▸ What is needed: From the data that follows, set down exactly the lines from the one with "W76A-150-070W-A Sense New, ванна" through the one with "Setul contine: o", counting both. Pictures stay out.

[Dataset entries]

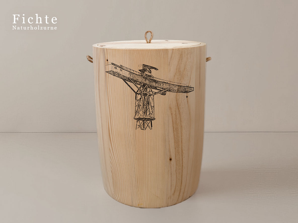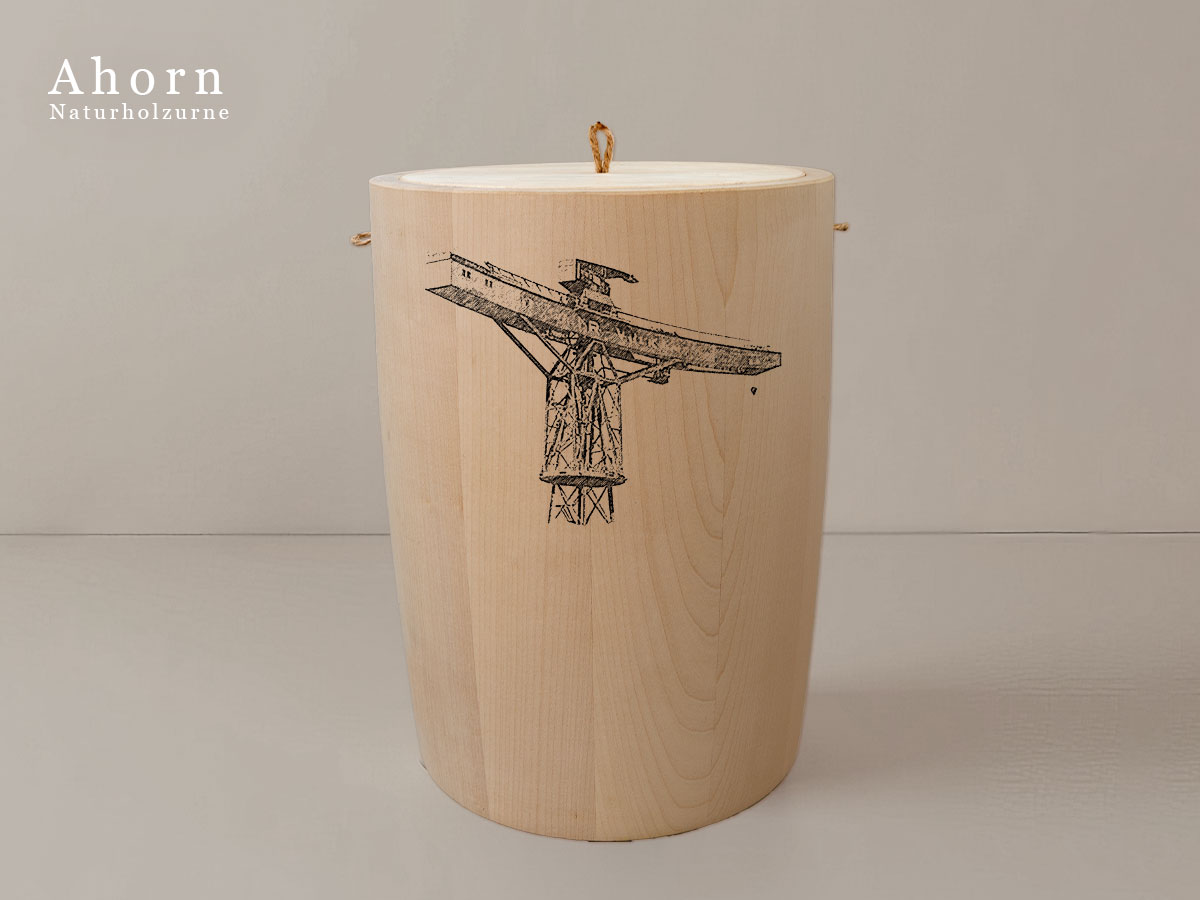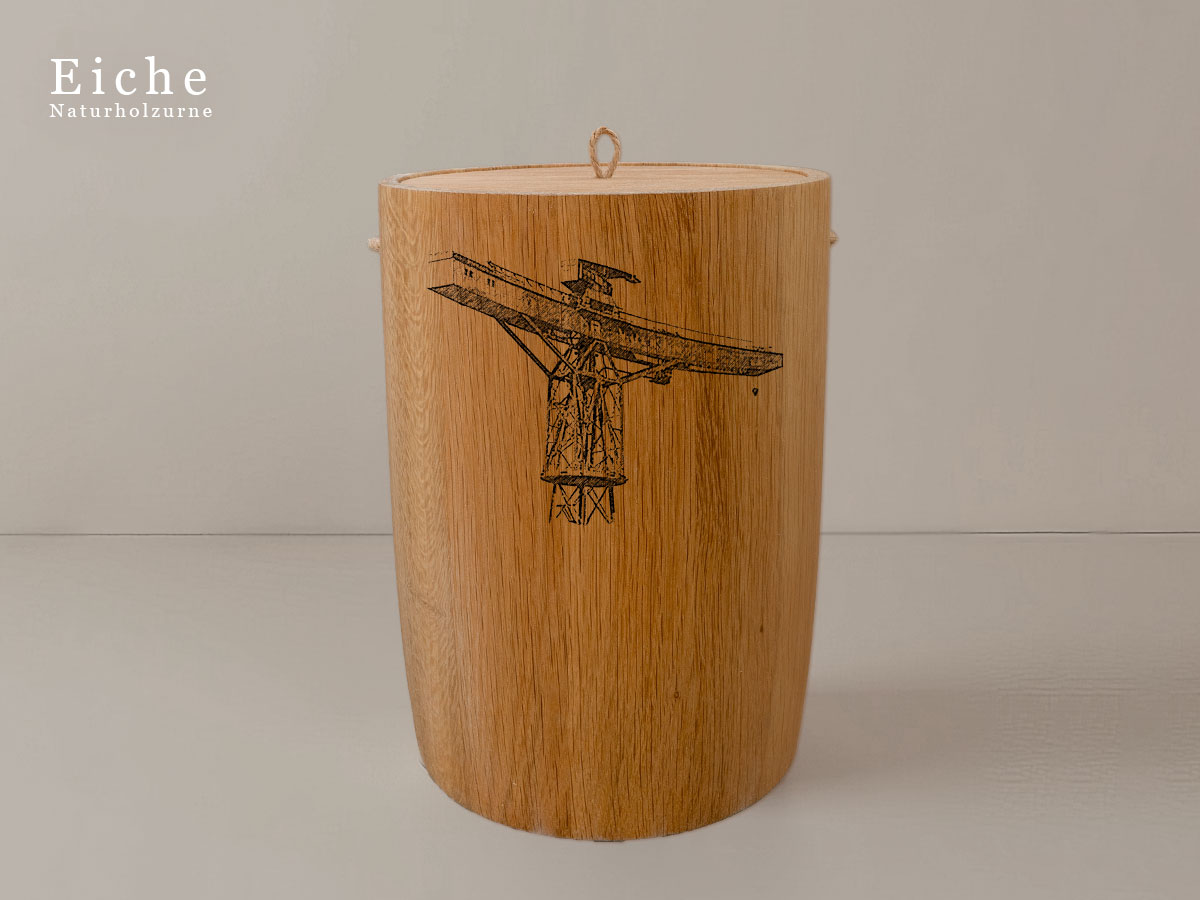 Das Motiv wird präzise in die Oberfläche der Urne gelasert, ohne Verwendung von Farben. So bleibt das natürliche Erscheinungsbild des Holzes erhalten und betont die schlichte Eleganz des Designs.
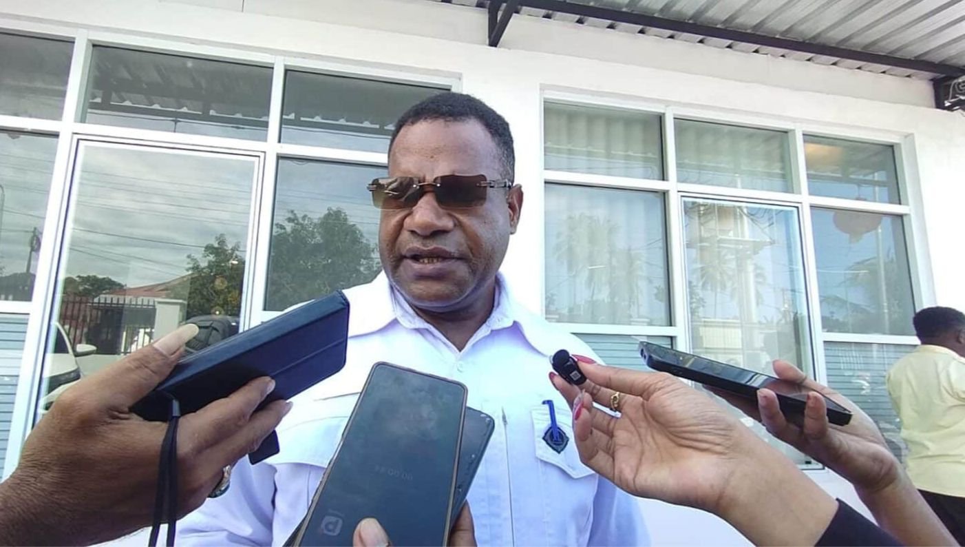 Kepala Dinas Kepemudaan dan Olahraga Papua Tengah, Jems Telenggen, memberikan keterangan kepada awak media di Nabire terkait dukungan pemerintah terhadap pelaksanaan Liga 4 di Papua Tengah. [Foto: Marius for tomei.id].
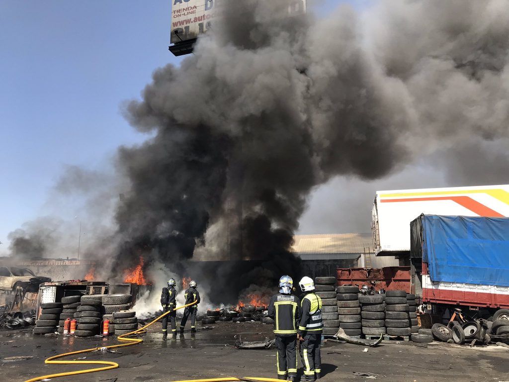 El 112 ha recibido la primera llamada a las 11.20 horas donde se alertaba de un incendio, por lo que una dotación de cuatro bomberos de Leganés, en colaboración con tres bomberos más de la Comunidad de Madrid y otros tres del Ayuntamiento de Madrid han acudido a la zona donde ardían 500 metros cuadrados con neumáticos y vehículos. Se ha producido una humareda «importante», aunque ya han conseguido disiparla.
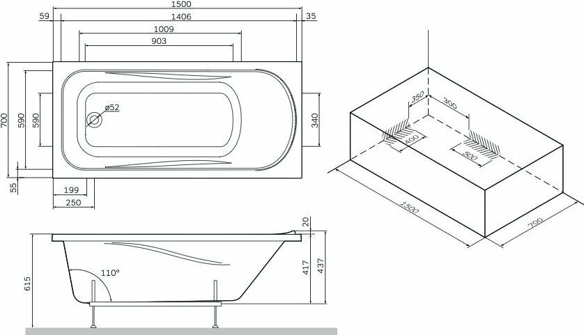 W76A-150-070W-A Sense New, ванна акриловая A0 150x70, см
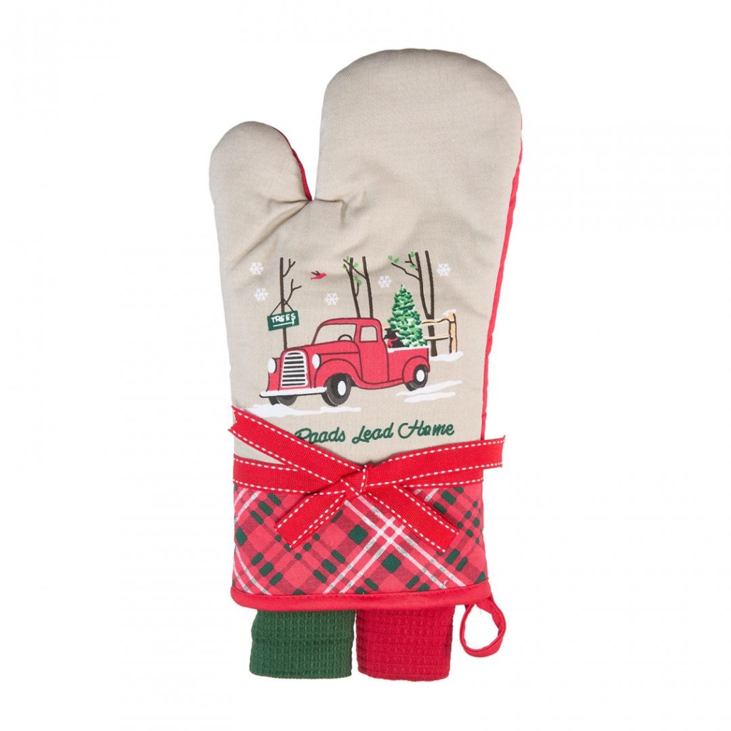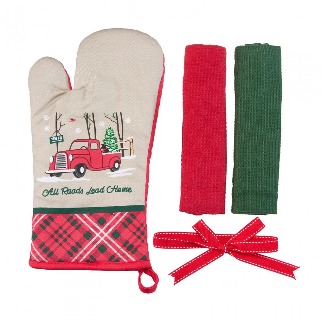 Setul contine: o manusa de bucatarie 18x28 cm (100% poliester), 2 prosoape de bucatarie dimensiune 38x64 cm, 100% Bumbac , 60gr/buc .
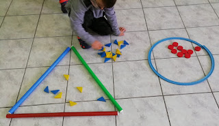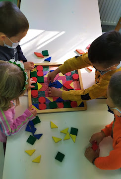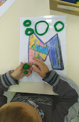 Παράλληλα με τα άλλα θέματα δουλέψαμε και τα σχήματα πιο ελεύθερα στις πρωινές κυρίως δραστηριότητες, δίνοντας βάση περισσότερο στα τέσσερα βασικά σχήματα, τον κύκλο, το τρίγωνο, το τετράγωνο και το ορθογώνιο παραλληλόγραμμο.
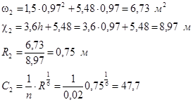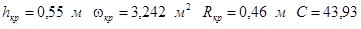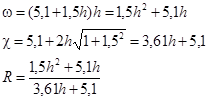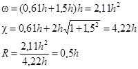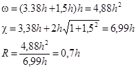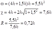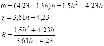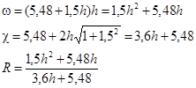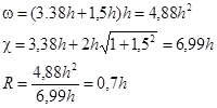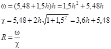 h=0,84 м ω=1,5h2 +5,48h=5,66м2 R=0,67 м.
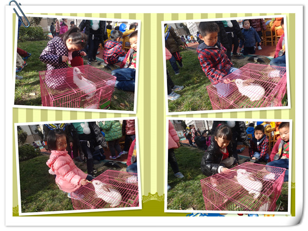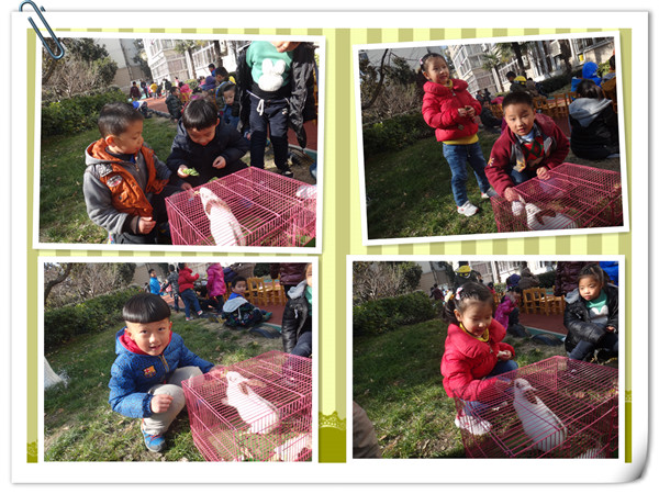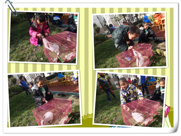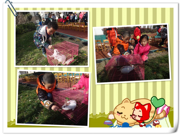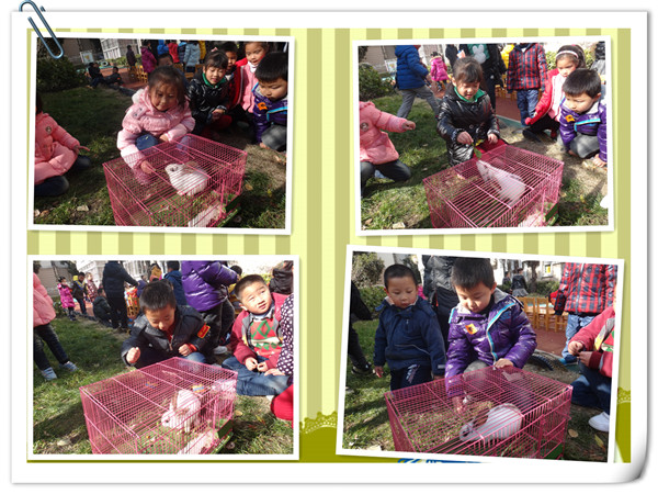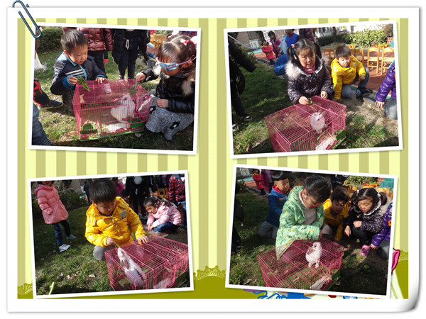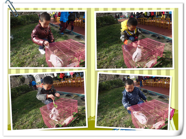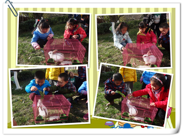 中一班养了一只可爱的小兔子,白白胖胖,真可爱!它还爱吃大白菜,我们每天散步都要去看望它,真想和它一起玩!今天,我们获得了小白兔主人的同意,让我们去喂小兔啦,它真的好可爱呀!
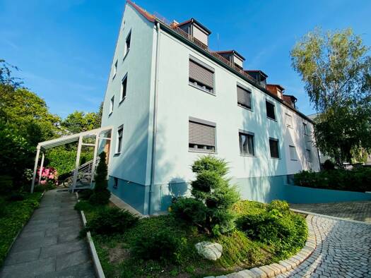 Objektbeschreibung Diese großzügige 3,5-Zimmer-Dachgeschosswohnung (BJ 2005) mit ca. 86 m² Wohnfläche befindet sich im 4. OG eines gepflegten MFH in einer ruhigen Seitenstraße im Nürnberger Süden – u...
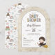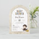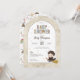 Celebra a tu pequeño mago en camino con esta encantadora invitación para baby shower de Harry Potter que presenta al propio Harry. Este diseño encantador incluye una adorable ilustración de Harry Potter con sus túnicas de Hogwarts, montado en su escoba y listo para aventuras mágicas. El fondo está salpicado de estrellas coloridas para dar un toque de fantasía. Las fuentes elegantes y juguetonas muestran hermosamente tus detalles personalizados, incluyendo el nombre del homenajeado, fecha, hora, ubicación, información de RSVP y registro de regalos. La forma arqueada única de la invitación crea un ambiente de libro de cuentos, mientras que la parte posterior muestra un divertido patrón de iconos del mundo mágico como libros de hechizos, pociones, calderos y criaturas mágicas. Perfecta para cualquier fanático de Harry Potter, esta invitación trae un toque hechizante a tu baby shower.
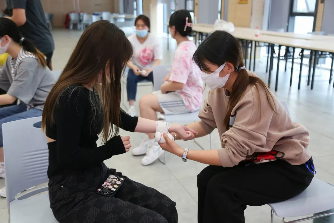 示范结束后让学生们进行了互助模拟包扎训练以及当堂展示,通过学习加实践的方式增强志愿者动手能力,在训练结束谈感受时西安培华学院青年志愿者联合会赵伟龄同学讲到这次的培训让志愿者知道了很多关于急救包扎的相关知识,老师们通过详细的实际操作之后,我们在实操中学会了包扎,最关键让感受到珍爱生命、敬畏生命、呵护生命的另一种境界,让我们更自信的面对防灾减灾救灾,从害怕面对灾害,到认识灾害,积极应对灾害转变。

▸ Response to this task:
 W76A-150-070W-A Sense New, ванна акриловая A0 150x70, см
 Setul contine: o manusa de bucatarie 18x28 cm (100% poliester), 2 prosoape de bucatarie dimensiune 38x64 cm, 100% Bumbac , 60gr/buc .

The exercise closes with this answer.